> Saved data entries
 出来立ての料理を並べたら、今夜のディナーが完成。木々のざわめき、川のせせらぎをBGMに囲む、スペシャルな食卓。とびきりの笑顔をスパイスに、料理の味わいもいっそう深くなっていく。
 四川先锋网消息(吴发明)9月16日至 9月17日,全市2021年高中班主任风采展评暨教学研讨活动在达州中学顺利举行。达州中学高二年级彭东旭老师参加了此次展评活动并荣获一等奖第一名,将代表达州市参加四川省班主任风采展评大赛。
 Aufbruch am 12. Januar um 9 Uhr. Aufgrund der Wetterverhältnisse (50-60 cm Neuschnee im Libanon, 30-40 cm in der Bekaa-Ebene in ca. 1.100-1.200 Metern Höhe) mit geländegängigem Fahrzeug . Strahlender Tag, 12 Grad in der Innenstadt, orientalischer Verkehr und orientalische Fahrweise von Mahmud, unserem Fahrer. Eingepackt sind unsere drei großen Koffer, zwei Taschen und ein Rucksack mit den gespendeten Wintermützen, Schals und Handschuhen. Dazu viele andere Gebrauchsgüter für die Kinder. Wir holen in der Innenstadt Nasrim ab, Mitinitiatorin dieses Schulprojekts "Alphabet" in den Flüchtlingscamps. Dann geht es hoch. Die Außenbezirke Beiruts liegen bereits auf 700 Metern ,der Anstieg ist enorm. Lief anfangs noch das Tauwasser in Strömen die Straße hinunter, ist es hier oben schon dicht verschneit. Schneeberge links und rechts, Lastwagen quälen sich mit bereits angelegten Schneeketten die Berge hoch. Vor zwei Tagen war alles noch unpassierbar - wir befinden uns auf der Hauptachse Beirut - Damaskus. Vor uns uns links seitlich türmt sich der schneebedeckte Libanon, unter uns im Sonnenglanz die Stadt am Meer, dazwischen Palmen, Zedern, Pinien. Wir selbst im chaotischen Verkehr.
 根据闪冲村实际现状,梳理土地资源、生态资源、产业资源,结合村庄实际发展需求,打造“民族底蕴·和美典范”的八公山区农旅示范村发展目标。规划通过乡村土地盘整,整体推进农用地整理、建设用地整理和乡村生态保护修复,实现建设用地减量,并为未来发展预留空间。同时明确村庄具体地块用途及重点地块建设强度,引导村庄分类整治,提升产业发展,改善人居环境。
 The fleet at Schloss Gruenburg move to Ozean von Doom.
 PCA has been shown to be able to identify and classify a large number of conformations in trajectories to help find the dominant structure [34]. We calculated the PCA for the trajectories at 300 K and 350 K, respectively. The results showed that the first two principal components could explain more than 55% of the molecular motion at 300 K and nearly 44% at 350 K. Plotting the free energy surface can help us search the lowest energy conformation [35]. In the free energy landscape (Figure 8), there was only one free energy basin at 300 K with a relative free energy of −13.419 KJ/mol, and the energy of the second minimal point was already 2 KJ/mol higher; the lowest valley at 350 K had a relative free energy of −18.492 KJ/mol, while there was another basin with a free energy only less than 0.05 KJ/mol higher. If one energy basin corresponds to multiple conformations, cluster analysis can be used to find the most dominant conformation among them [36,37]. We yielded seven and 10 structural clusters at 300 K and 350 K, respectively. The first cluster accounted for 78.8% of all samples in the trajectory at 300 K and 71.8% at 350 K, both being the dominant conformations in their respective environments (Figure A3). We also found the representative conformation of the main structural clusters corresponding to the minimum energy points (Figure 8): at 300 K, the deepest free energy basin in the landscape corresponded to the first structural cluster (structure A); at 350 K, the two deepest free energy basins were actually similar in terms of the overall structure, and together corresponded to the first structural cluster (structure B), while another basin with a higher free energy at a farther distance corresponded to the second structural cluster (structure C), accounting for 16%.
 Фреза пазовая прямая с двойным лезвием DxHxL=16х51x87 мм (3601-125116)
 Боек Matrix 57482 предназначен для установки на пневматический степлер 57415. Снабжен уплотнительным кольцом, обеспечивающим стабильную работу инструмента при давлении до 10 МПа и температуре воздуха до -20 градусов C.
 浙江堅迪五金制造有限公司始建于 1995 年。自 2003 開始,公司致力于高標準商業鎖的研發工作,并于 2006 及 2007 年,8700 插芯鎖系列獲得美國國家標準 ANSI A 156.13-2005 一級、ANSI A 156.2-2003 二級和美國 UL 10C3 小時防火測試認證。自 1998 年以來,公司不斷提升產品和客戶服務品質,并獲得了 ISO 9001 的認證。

> Task description
From the first line of the entries above to the line with "四川先锋网消息(吴发明)9月", please return every line exactly, keeping both ends.

> Solution for this problem
 出来立ての料理を並べたら、今夜のディナーが完成。木々のざわめき、川のせせらぎをBGMに囲む、スペシャルな食卓。とびきりの笑顔をスパイスに、料理の味わいもいっそう深くなっていく。
 四川先锋网消息(吴发明)9月16日至 9月17日,全市2021年高中班主任风采展评暨教学研讨活动在达州中学顺利举行。达州中学高二年级彭东旭老师参加了此次展评活动并荣获一等奖第一名,将代表达州市参加四川省班主任风采展评大赛。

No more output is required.